In the listing that follows, find the line with "達國大橋檢查點民警正在檢查過往車輛。冉文娟 攝", then copy exactly from it through the line with "DIEZI 16pcs/set Gothic", leaving out every picture.

■ The records ■
┌──
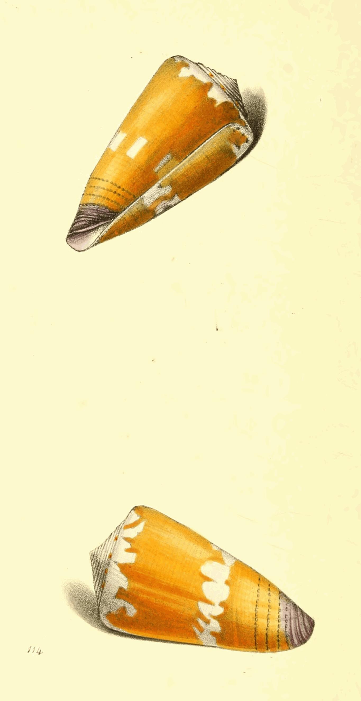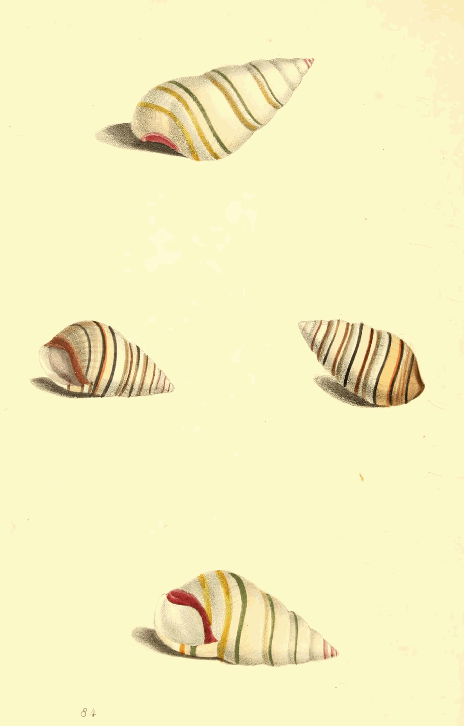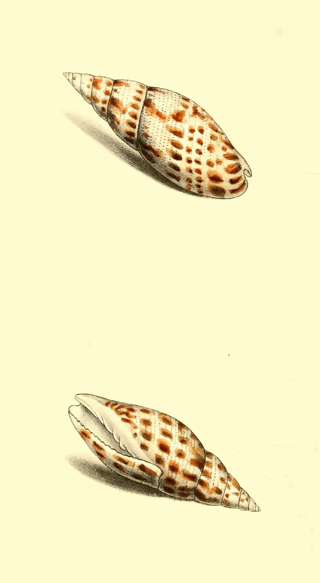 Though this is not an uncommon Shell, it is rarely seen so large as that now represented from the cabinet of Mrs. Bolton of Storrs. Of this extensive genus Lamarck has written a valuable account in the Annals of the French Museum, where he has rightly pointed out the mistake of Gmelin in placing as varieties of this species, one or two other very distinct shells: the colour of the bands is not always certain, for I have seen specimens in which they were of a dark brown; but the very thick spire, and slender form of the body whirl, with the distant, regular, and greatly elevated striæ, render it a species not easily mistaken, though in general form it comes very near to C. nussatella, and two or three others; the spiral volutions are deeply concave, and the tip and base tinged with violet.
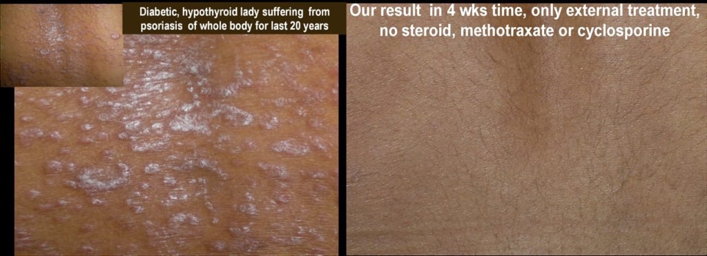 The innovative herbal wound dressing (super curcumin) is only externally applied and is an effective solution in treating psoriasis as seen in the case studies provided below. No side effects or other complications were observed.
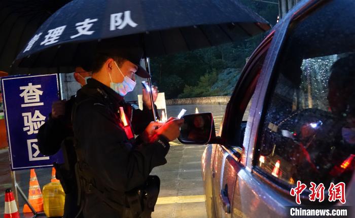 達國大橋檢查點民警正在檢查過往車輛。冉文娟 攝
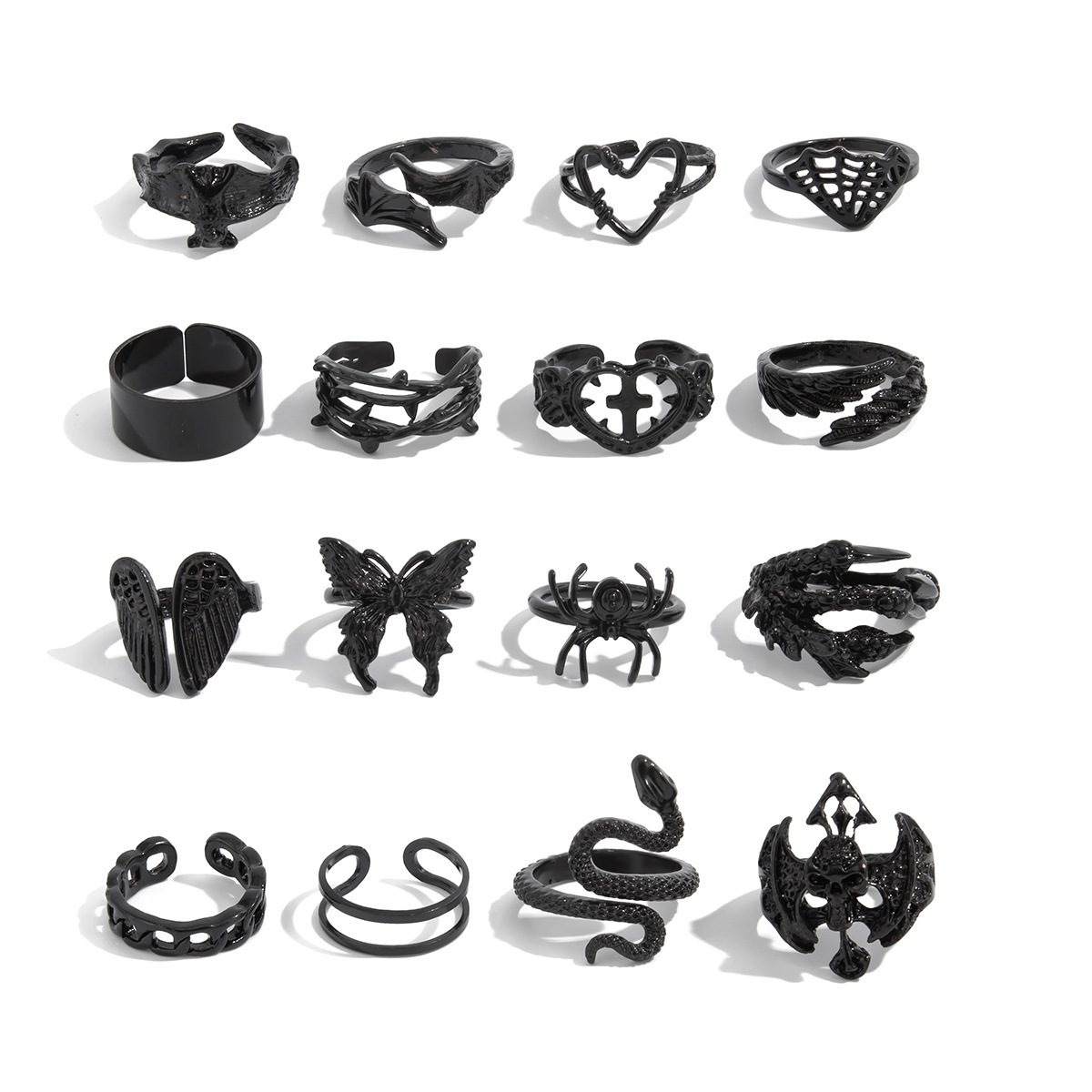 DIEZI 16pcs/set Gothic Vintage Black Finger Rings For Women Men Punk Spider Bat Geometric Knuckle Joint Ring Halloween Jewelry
└──
┌──
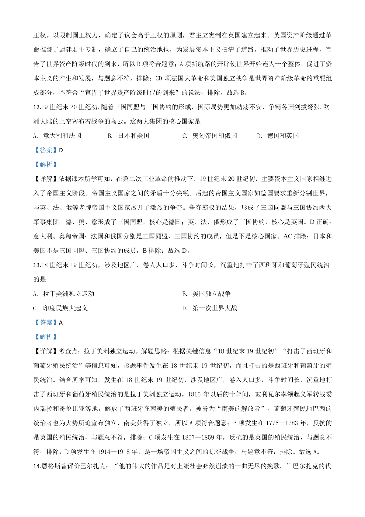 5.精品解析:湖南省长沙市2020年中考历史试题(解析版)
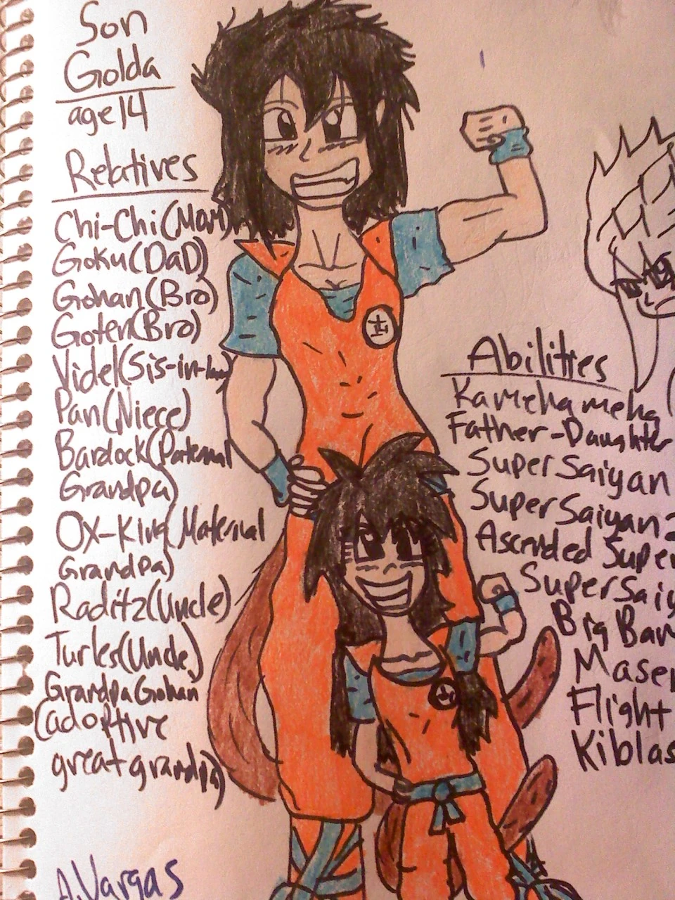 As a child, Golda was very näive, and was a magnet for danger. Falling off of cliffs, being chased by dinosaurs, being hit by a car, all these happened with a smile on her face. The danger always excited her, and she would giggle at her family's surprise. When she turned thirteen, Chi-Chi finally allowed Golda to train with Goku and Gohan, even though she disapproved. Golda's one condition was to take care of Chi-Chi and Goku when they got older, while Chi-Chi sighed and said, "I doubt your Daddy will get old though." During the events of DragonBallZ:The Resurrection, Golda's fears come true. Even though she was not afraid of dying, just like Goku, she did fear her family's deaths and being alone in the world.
└──
■ Answer space ■
 達國大橋檢查點民警正在檢查過往車輛。冉文娟 攝
 DIEZI 16pcs/set Gothic Vintage Black Finger Rings For Women Men Punk Spider Bat Geometric Knuckle Joint Ring Halloween Jewelry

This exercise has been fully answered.